At the keynote, then VMware co-president introduced the company’s first-ever channel chief, Scott Aronson. An internal hire and VMware veteran without a great deal of channel experience, Aronson took on the newly-created role of senior vice-president, global channels and alliances. While the vendor wasn’t new to the channel by any means – 85 per cent of its revenue today is indirect, so they’re clearly doing something right — one did get the sense they were starting from scratch in some regards. The talk was on simplification, on bringing together all the assets of a fragmented channel program into one group, streamlining contracts and investing in education.
Two years later, Aronson is gone – he’s now running worldwide field operations at Pivotal – and at this year’s VMworld partner keynote and my conversations with executives, I got the sense that, in many regards, VMware is starting over once again.
Part of that may be driven by a recent influx of experienced channel executives into VMware’s channel leadership ranks. At the top is Dave O’Callaghan, who came onboard in May as the new global channel chief. He spent years in senior channel positions at Cisco Systems, a vendor that knows what it’s doing in the channel. Other recent hires to the channel team include HP-veteran Frank Rauch as Americas channel chief, Toni Adams from Symantec to run global partner and alliance marketing, and Andy Banks, late of Cisco and Comstor, to run global distribution.

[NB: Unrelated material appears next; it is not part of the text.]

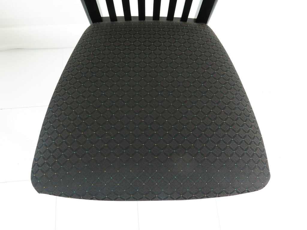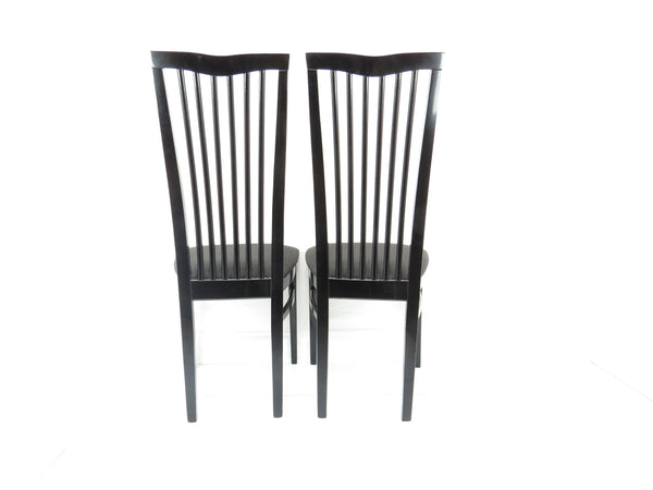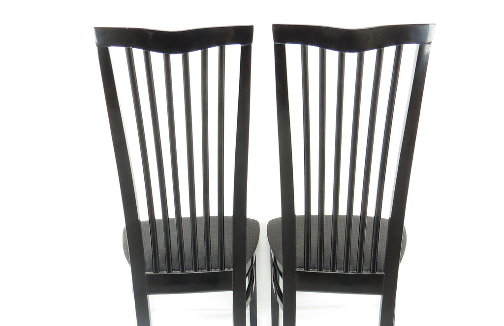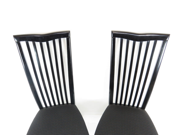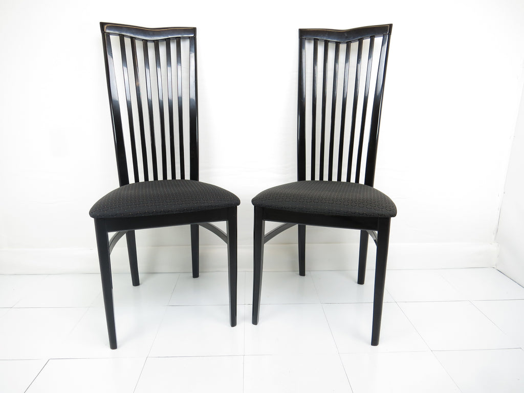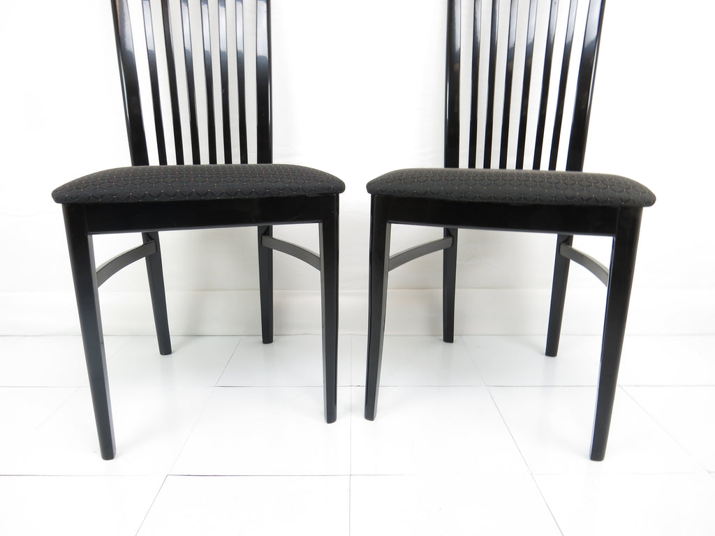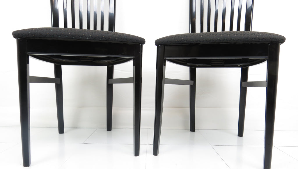 Set of six 1970's Pietro Costantini for Ello black lacquer high back side chairs. Tall slate back ending with a "V" shape crest. Legs have side stretchers for additional support.

The messaging about program overhaul was similar to what I heard in 2011, but this time, I have more of a sense that they mean it, and have the team to back it up. New rules of engagement were released, which is always an important starting-point. Deal registration is getting faster. VMworld’s enablement team will work more closely with partners for one seamless selling motion.
That’s all tweaking, though. O’Callaghan and the other executives indicated a much wider overhaul is coming. Programs are too disparate and siloed by partner type (again, shades of 2011). There must be more commonality, from program tiers to support, while still letting partners differentiate and recognize that different kinds of partners have different needs. Consistency, profitability and predictability seems to be their mantra. Value, not volume, and so forth.
Beyond that though, they couldn’t go into too much detail. I get the sense that the changes are still in flux, and aren’t yet fully baked. This could be good for partners – get in touch with VMware and make your wishes for what the new program should look like known now.
It seems like much the same challenge VMware laid out two years ago. Hopefully its new team will be able to pull it off. We’ll see in February, at Partner Exchange.